Annie was added to the dynamic much more recently. Trouble is she was born more recently, too, which sometimes makes her a bit of a pain to live with. See, here’s the thing. Unlike the rest of us, Annie is possessed of youthful energy, exuberance, curiosity, intensity of purpose and other traits poorly suited to a senior citizen environment.
Imagine if you can a middle school kid, say one with permanent A.D.D., being dropped dead-center in the middle of an adult assisted living center.
Too terrifying to contemplate, isn’t it? Yet that is what we are confronted with daily as Good Wife Norma, the canine matrons and I plod through life while this high-strung young whipper-snapper runs laps around us, yapping in completely understandable protest at being stuck in a pace of life closer to the grave than kindergarten.
There are moments to the contrary, however, as the accompanying photo illustrates.

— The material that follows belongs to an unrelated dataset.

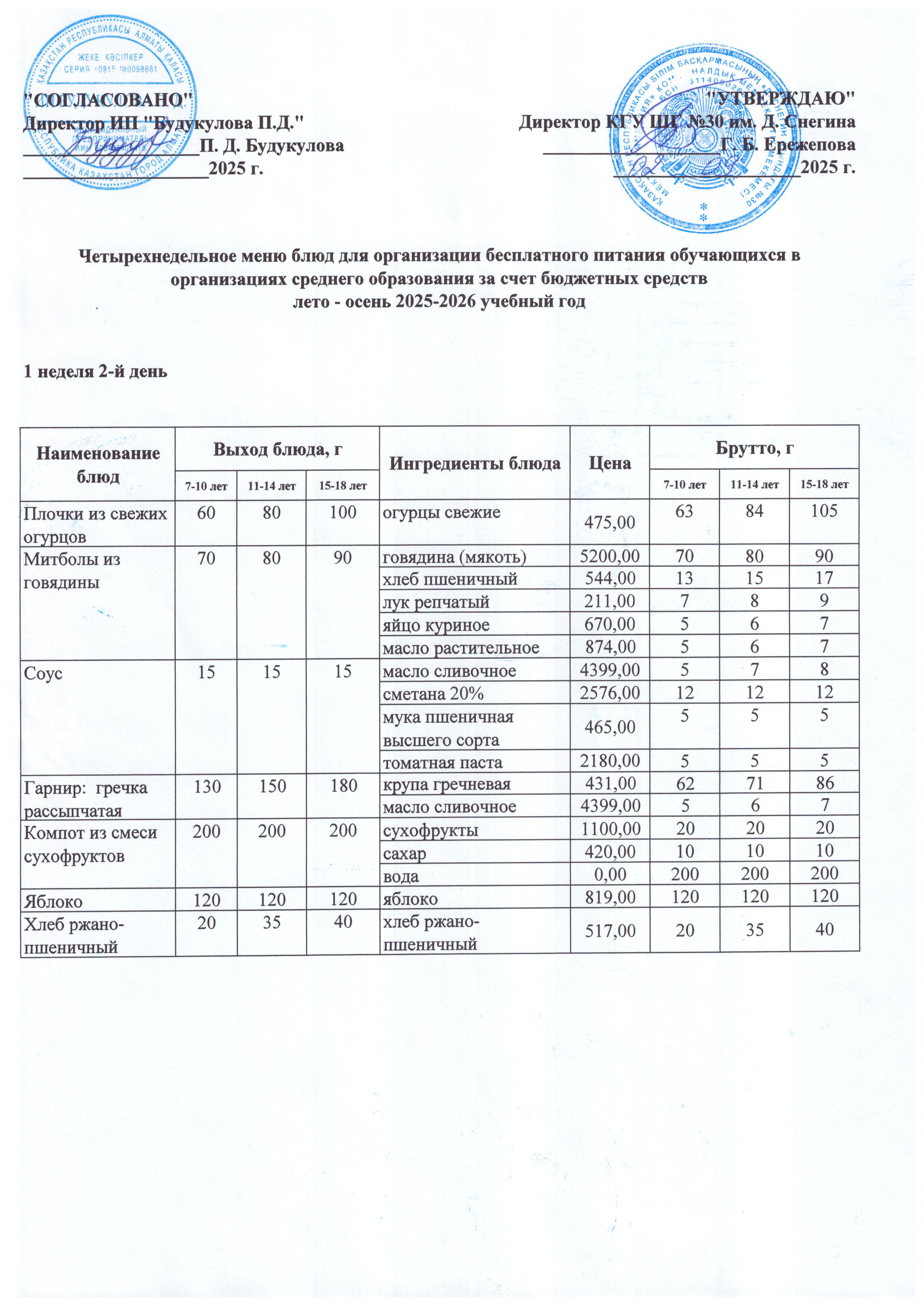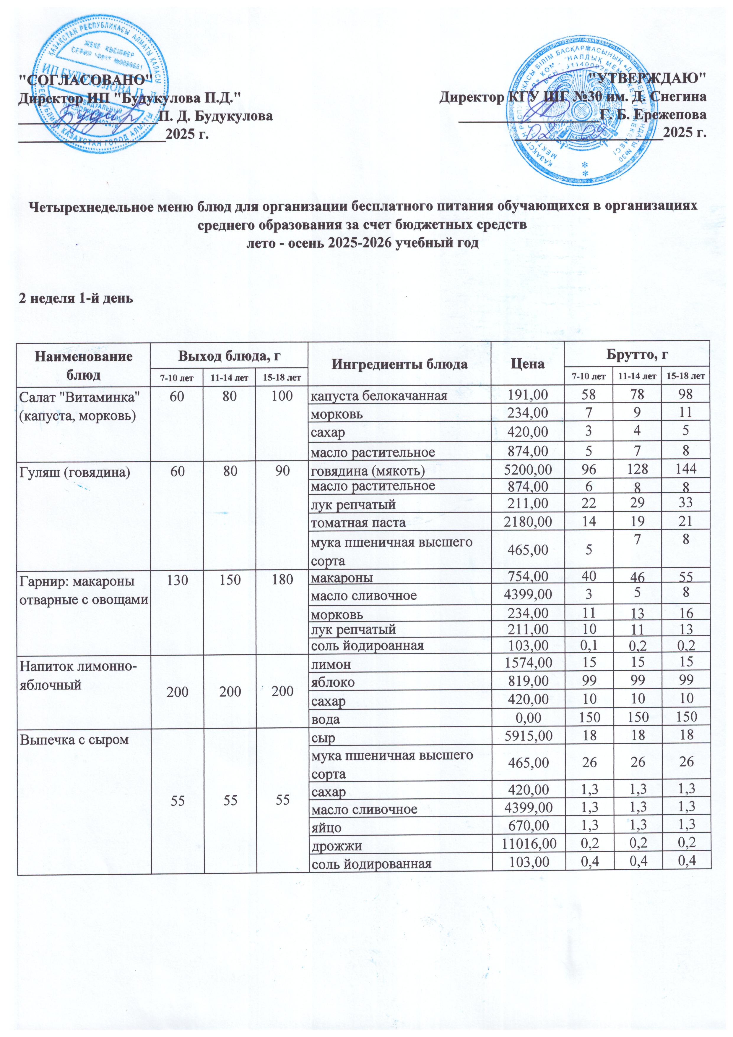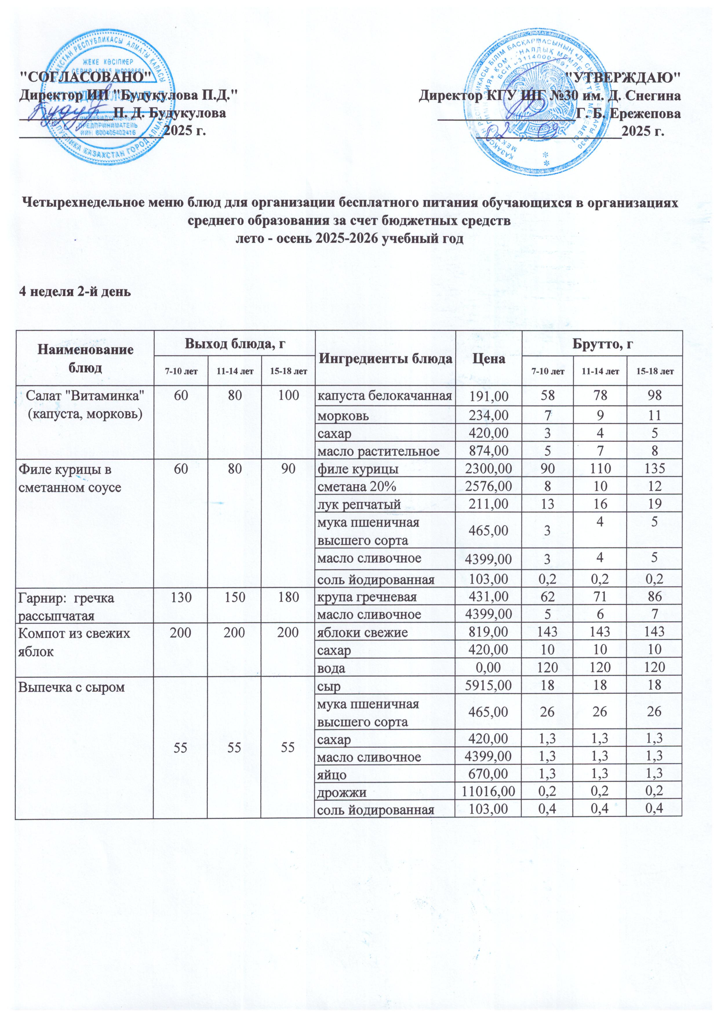 Llетырехнедельное меню блюд для организации бесплатного питания обучающихся в организациях среднего образования за счет бюджетных средств лето - осень 2023 год
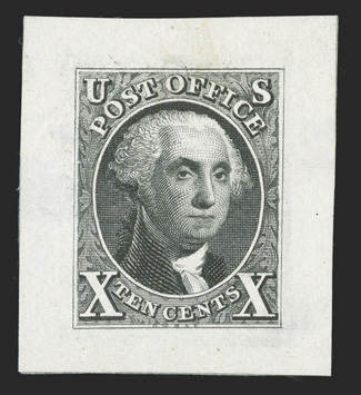 size trial color proof ex-Chesapeake.#2TC1, 10c Washington, large die trial color proof in Light brown on India, 53x64mm die sunk with cross-hatching, lovely fresh color, extremely fine and choice; a beautiful full size trial color proof; ex-"Chesapeake". (Image) $1,000.00

No one can figure out why, but for reasons only she knows our Annie has chosen to bond with me - a person whose entire life is a well-documented tribute of indifference to pets.
Inexplicably when she sees I am about to settle into the recliner that has become our shared nest, Annie will actually jump off GWN’s lap to the floor and join me. This is unprecedented in the entirety of my soon-to-be 70 years aboard this spinning orb we call earth.
And so it has come to pass that somehow I blundered into a tube dog of my own in a bizarre and entirely unlikely, weird, kinda-sorta way.
What will I do going forward in the face of such a youthful dynamo? I spent a long time in deep, intellectual thought, and when I had thought about it enough the answer came to me as in a vision quest (except without the peyote).
I calculate odds for me to outlive her in my world are zilch, therefore the only practical recourse is for me to learn to live in hers.
Keep a good thought for us please; we’re both going to need it.